Currently

Currently working on AteneoDC.com, website of the Ateneo Alumni Association in Washington. I’m fiddling with various content management systems, trying to find a portal with good community features, but simple enough for non-web-savvy users. Right now PHPWebSite is what’s been working. It’ll be difficult wrenching the tables out of its template and making it output some standards-compliant code, though.

Currently reading The Barbarian Conversion, by Peter Fletcher. Great detailed look into medieval history as read through the quirks of hagiographic literature. So far I’ve learned about topos and the origins of the name “Ludwig” in the name of the 5th Century Frankish king, Clovis — among other things.

Currently listening to Songs of the Sephardim — medieval music of the exiled Spanish Jews. The arrangements are minimal, mostly sung by a single alto, Alice Kosloski, accompanied by strings, winds, and percussion. The songs, though simple, are haunting, plaintive, and rhythmic all at once, richly evocative of Sephardic culture, while echoing the melodic counterpoints of the Renaissance.

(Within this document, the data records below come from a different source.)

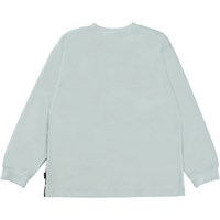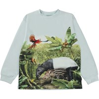 Rube ist ein hellblaues Langarm-T-Shirt mit Aufdrucken von Tapiren im Dschungel und Papageien in den Palmen. Das T-Shirt ist am Hals und an den Handgelenken gerippt.
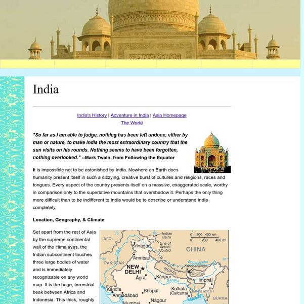 This site from Geographia.com treats the subject of India in a factual presentation of India's location, geography, climate, culture, people, and history. The format is easy to follow, but not necessarily attractively displayed.
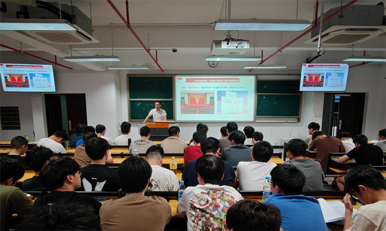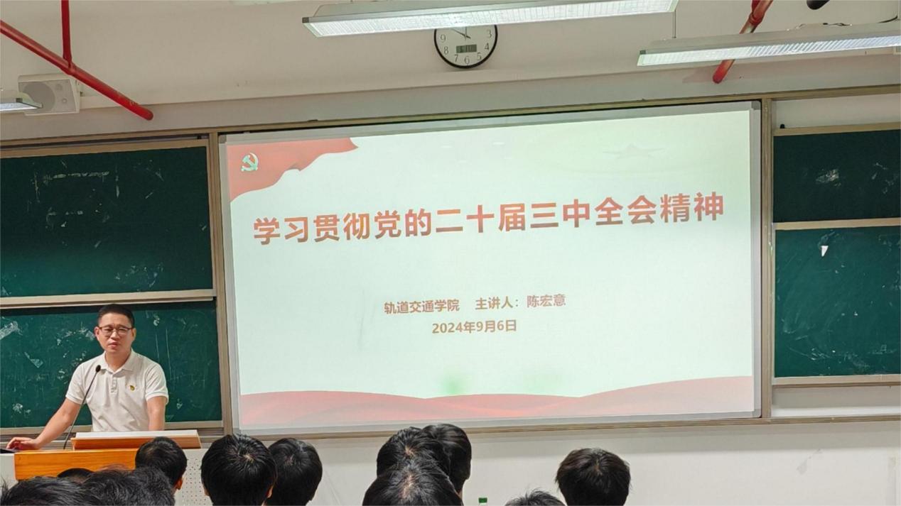 為全面深入學(xué)習(xí)領(lǐng)會黨的二十屆三中全會精神,引導(dǎo)師生把思想和行動統(tǒng)一到全會精神上來。9月6日,軌道交通學(xué)院第五黨支部開展學(xué)習(xí)貫徹黨的二十屆三中全會精神宣講會。軌道交通學(xué)院黨總支宣傳委員、副院長、第五黨支部書記陳宏意作《學(xué)習(xí)貫徹黨的二十屆三中全會精神》專題宣講,支部教師、學(xué)生黨員和入黨積極分子等110余人參加了宣講會。
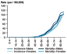Figure 1. (i) The age-standardised incidence and mortality rate of pancreatic cancer, by sex, since 1982 and (ii) Incidence (2013) and mortality (2014) rates of pancreatic cancer, by age group and sex.3
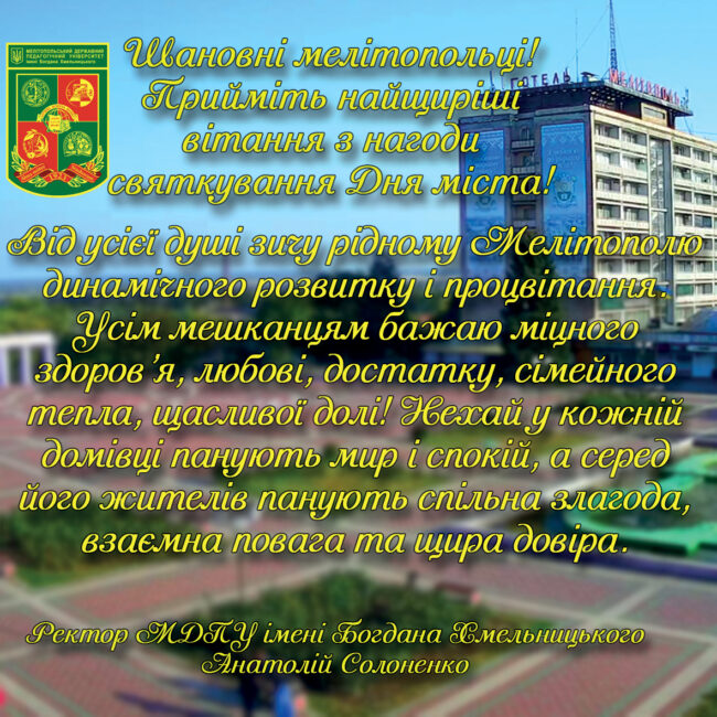 1 жовтня, на базі Мелітопольського державного педагогічного університету імені Богдана Хмельницького відбулось чергове засідання Ради ректорів закладів вищої освіти Запорізького регіону. Ректор університету Анатолій Солоненко акцентував увагу на тому, що місто Мелітополь багато в чому схоже на інші українські міста: історично багатонаціональне і з успішним промисловим минулим. Ще однією важливою демографічною особливістю Мелітополя є те,…
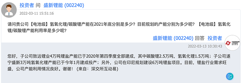 盛新锂能3月13日在投资者互动平台表示,子公司致远锂业4万吨锂盐产能已于2020年第四季度全部建成,其中碳酸锂2.5万吨,氢氧化锂1.5万吨;子公司遂宁盛新3万吨氢氧化锂产能已于今年1月建成投产;另外,公司在印尼规划建设6万吨锂盐项目。
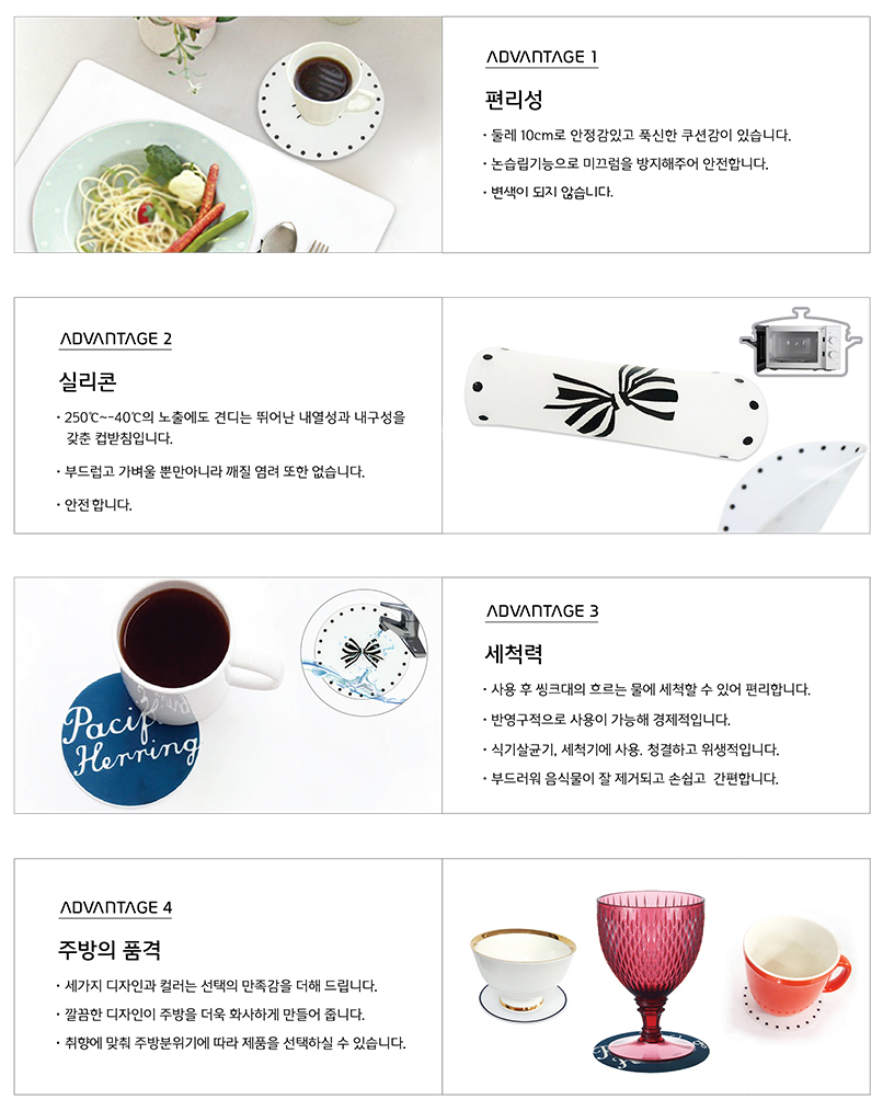 - 내열성, 논슬립, 물세척 가능 / 실크인쇄 가능
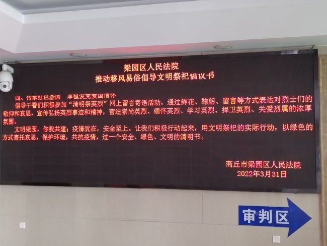 清明节是中华民族缅怀英烈、悼念先人、寄托哀思、传承文化的传统节日。当下,新冠疫情也正在各地连续传播,为了避免清明节因人员聚集引发病毒传播和交叉感染,营造安全、有序、文明、和谐的良好祭扫氛围,3月31日,河南省商丘市梁园区人民法院向全院干警发出倡仪书,大力倡导干警通过网上祭祀、鲜花祭祀、留言祭祀等形式,积极参加“清明祭英烈”活动,通过鲜花、留言等方式,表达对烈士们的敬仰和哀思,降低实地祭扫人员聚集交叉感染的风险。
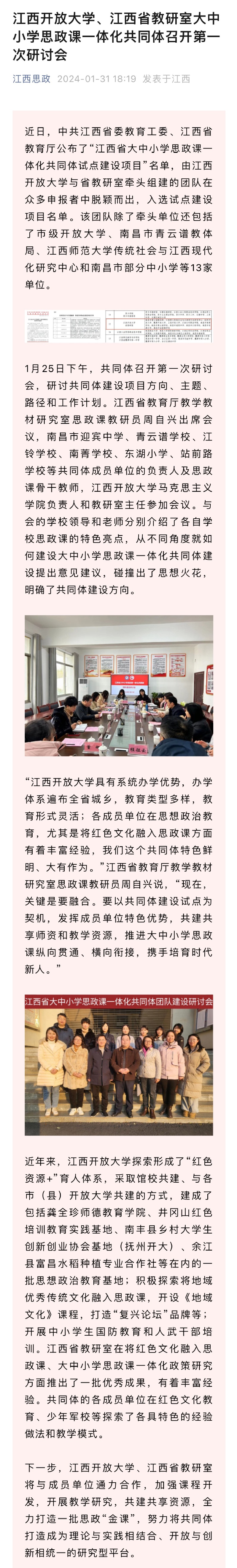 近日,中共江西省委教育工委、江西省教育厅公布了“江西省大中小学思政课一体化共同体试点建设项目”名单,由beat365在线唯一官网与省教研室牵头组建的团队在众多申报者中脱颖而出,入选试点建设项目名单。该团队除了牵头单位还包括了市级开放大学、南昌市青云谱教体局、江西师范大学传统社会与江西现代化研究中心和南昌市部分中小学等13家单位。
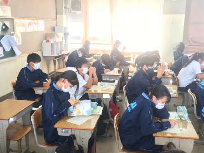 2年生7組の授業(国語)の様子 公開日 2022/09/20 更新日 2022/09/20 学校 20日(火)、2年生7組の1時間目は、国語の授業でした。教材「モアイは語る」を通して、説明文の構成について学んだり、筆者の主張を考えたりしていました。
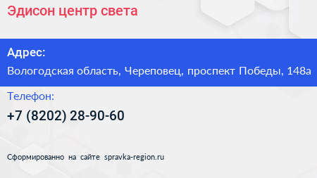 Эдисон, центр света по адресу Вологодская область, Череповец, проспект Победы, 148а в дальнейшем Организация, размещена в следующих категориях:
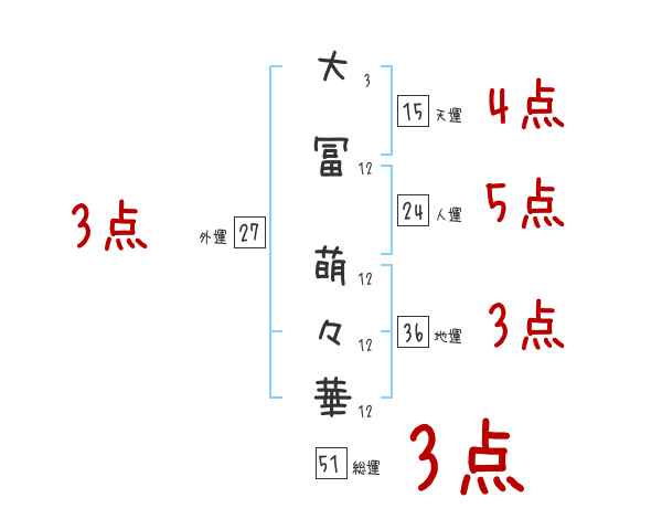 大冨萌々華さんの画数の鑑定結果
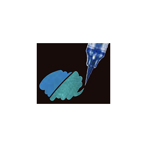 | 両端に穂先がある | 「デュアルメタリックブラッシュ」は、鮮やかな発色の染料とグリッター顔料を配合することによって、見る角度によって色が変わる・黒い紙と白い紙で書いたときに見え方が変わるインキを実現した筆ペンです。主役級のかがやきを表現できるため、色紙やスクラップブックのデコレーション、大人のぬりえにもおすすめです。
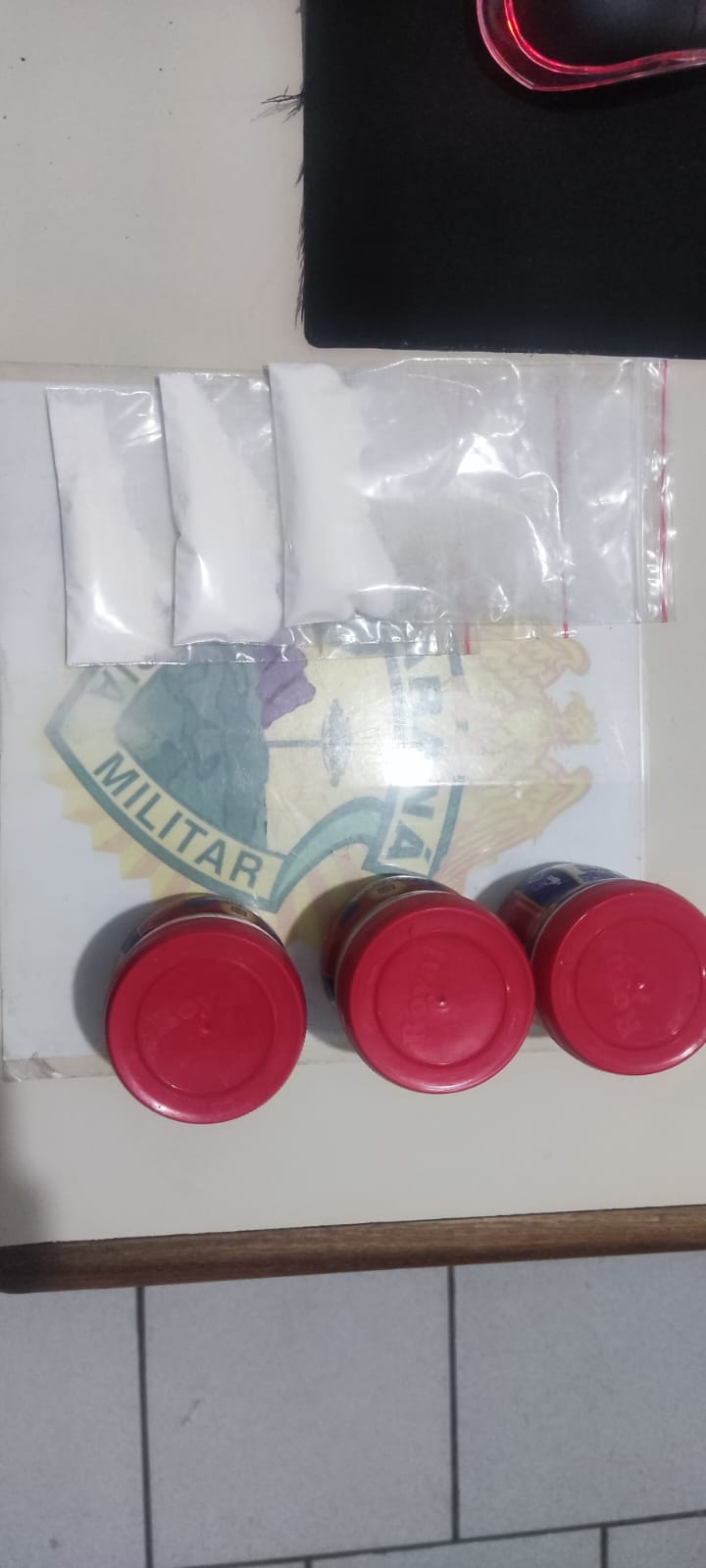 No veículo estavam o condutor e uma passageira. Durante a busca no interior do automóvel, os militares estaduais localizaram três frascos contendo aproximadamente 26 gramas de cocaína escondidos no porta-luvas.
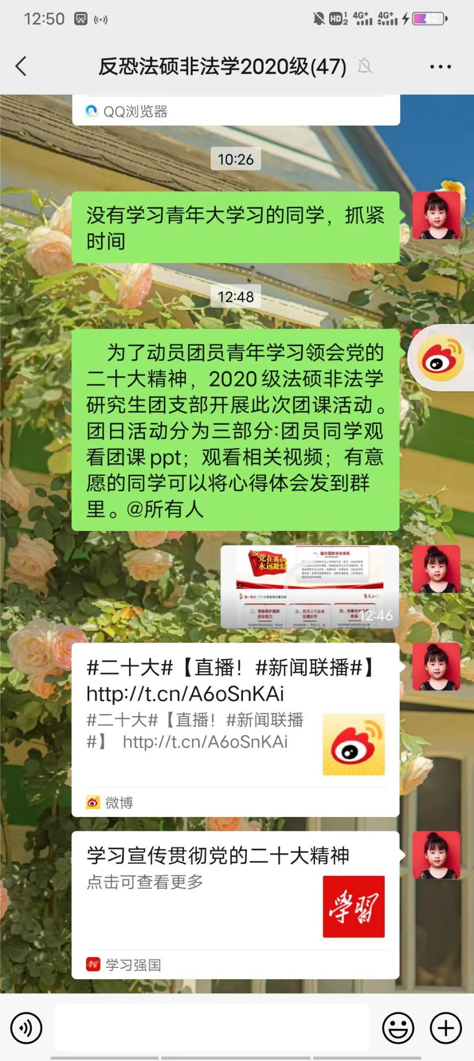 为了深入学习党的二十大报告,深刻体悟党的二十大精神,全面贯彻习近平新时代中国特色社会主义思想,弘扬伟大建党精神,全面提高学生的思想政治素质,让党的二十大精神在团员青年中落地生根。2022年11月11日,韩国三级片 2020级法硕非法学研究生团支部通过线上方式展开“学习党的二十大”主题团日活动。全体2020级法硕非法学研究生参与本次团日活动。

Currently quite annoyed at my inline skates. The brake pad has fallen out, thanks to a loose screw that I can no longer find, so I’ll to have to head down to the hardware store with my skates and a screwdriver, and hope they have extra screws of the right size. Screw that.

Comments

  1. Rod says:

    The Barbarian Conversion is a fantastic book! I have read it twice.

    One of the most interesting points Fletcher makes is that Christianity did not originally have a missionary impulse. The move to convert the masses did not get underway until the third century and even was not strong.

    Which begs the question – how DID the first few centuries of Christendom interpret the Great Commission? With my 20th century Baptist bias, I am unable to conceive of any interpretation other than missional. This could be a failure of imagination on my part.